Let us take a few steps back and have a high-level look at the problem. Can there be alternative ways of avoiding supply-chain issues and still provide security? For instance:

Why don’t people avoid relying on software supply chains and instead do things on their own, from scratch? Because this is unrealistic. It means that every software developer (or development company) will have to re-implement everything: from capturing what is typed on the keyboard (all possible kinds of keyboards), rewriting all communication protocols (TCP/IP), using all kinds of available network interfaces (wired or wireless) to send information over the channel to receive it on the other side, correct transmission errors, display pixels on the screen (all kinds of available screens) to shape every letter of the alphabet, etc. instead of writing a whole messaging application using a dozen of lines of code. This is not restricted to messaging applications. It applies to all imaginable software. Writing all from scratch is unrealistic. Furthermore, writing things from scratch does not necessarily mean the result is more secure. Rewriting tens of millions of lines of ‘fresh’ code will surely contain more bugs than ‘old’ codes that have been vetted and used for decades, proving their robustness. Reusing software is one of the principles of software design. In general, it is more efficient and more secure.

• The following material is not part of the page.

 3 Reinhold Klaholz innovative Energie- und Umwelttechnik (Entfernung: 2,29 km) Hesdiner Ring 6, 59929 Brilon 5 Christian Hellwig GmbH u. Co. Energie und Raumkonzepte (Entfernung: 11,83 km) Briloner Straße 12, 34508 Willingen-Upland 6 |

Is this a transient period, after which we can expect to have bug-free software someday? Not really. We’ll probably improve the software development methods, tools, bug detection, communication about vulnerabilities, keeping up-to-date SBOMs, quickly updating the code we wrote, thus reducing the occurrences of vulnerabilities in software, but it is unlikely that vulnerabilities will become ‘extinct’. They are likely to stay, while hackers will keep exploiting them. Like with health diseases, we have to live with them, learn how to avoid them, reduce their frequency, and decrease their impacts.

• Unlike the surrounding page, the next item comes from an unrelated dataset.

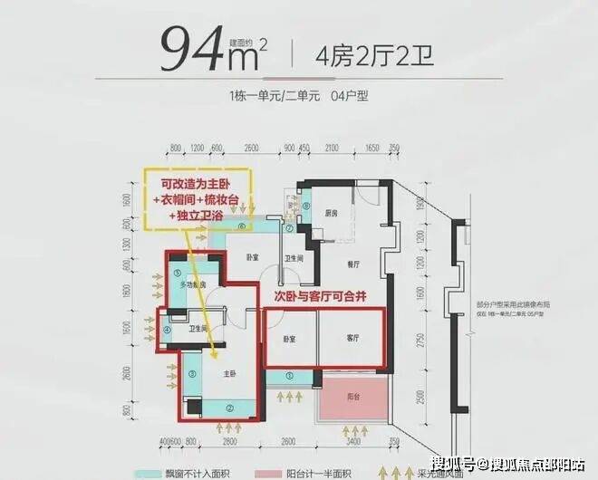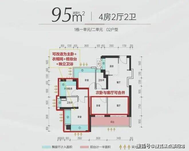 『建面约94/95㎡4房2厅2卫』

To this end, we can set out good practices on all levels. Without being exhaustive, here are a few examples:

End users should keep their software (operating system and applications) up to date.
Software developers may use artificial intelligence (AI) to write better code and find bugs in their software supply chain.
Organisations should include SBOMs in their governance practice and keep it updated.
Organisations should ensure secure software development, including strong access control to the code, regular updates, and training.
Big software developers should contribute back to the (open-source) community, with efforts to check for vulnerabilities and share more reliable code.
Software quality labels can have a positive impact on the choices of the end users and on the software developers’ incentives for good practices.
Encourage efforts by organisations like the Open Source Security Foundation.
Governments and big players should push for security standards, international norms, and regulations.
Avoid ‘software fragmentation’ due to geopolitical tensions, which are likely to cause collateral damages as well.

Ending with a futuristic note: I started this blog post with ‘Everyone can develop software’, then showed how and why that software may end up in a much larger product through the software supply chain, potentially contributing to its (un)security.

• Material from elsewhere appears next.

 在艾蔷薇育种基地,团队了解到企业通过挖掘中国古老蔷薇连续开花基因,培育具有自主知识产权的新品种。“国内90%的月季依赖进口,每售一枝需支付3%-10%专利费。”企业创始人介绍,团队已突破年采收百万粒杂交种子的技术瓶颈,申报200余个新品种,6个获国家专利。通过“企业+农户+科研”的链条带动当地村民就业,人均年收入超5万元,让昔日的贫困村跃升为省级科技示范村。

In a similar way, ‘Everyone can write articles’ and share them on the internet. These articles probably end up training AI systems, potentially contributing to their (un)reliability. AI systems can be biased, discriminative, make wrong decisions, etc., based on the information used to train them. This information can be written by another random person in Nebraska who may have changed his mind since he wrote his article. In the coming years, we may witness the need for ‘information bill of materials’ and many of the best practices mentioned above applied to information instead of software.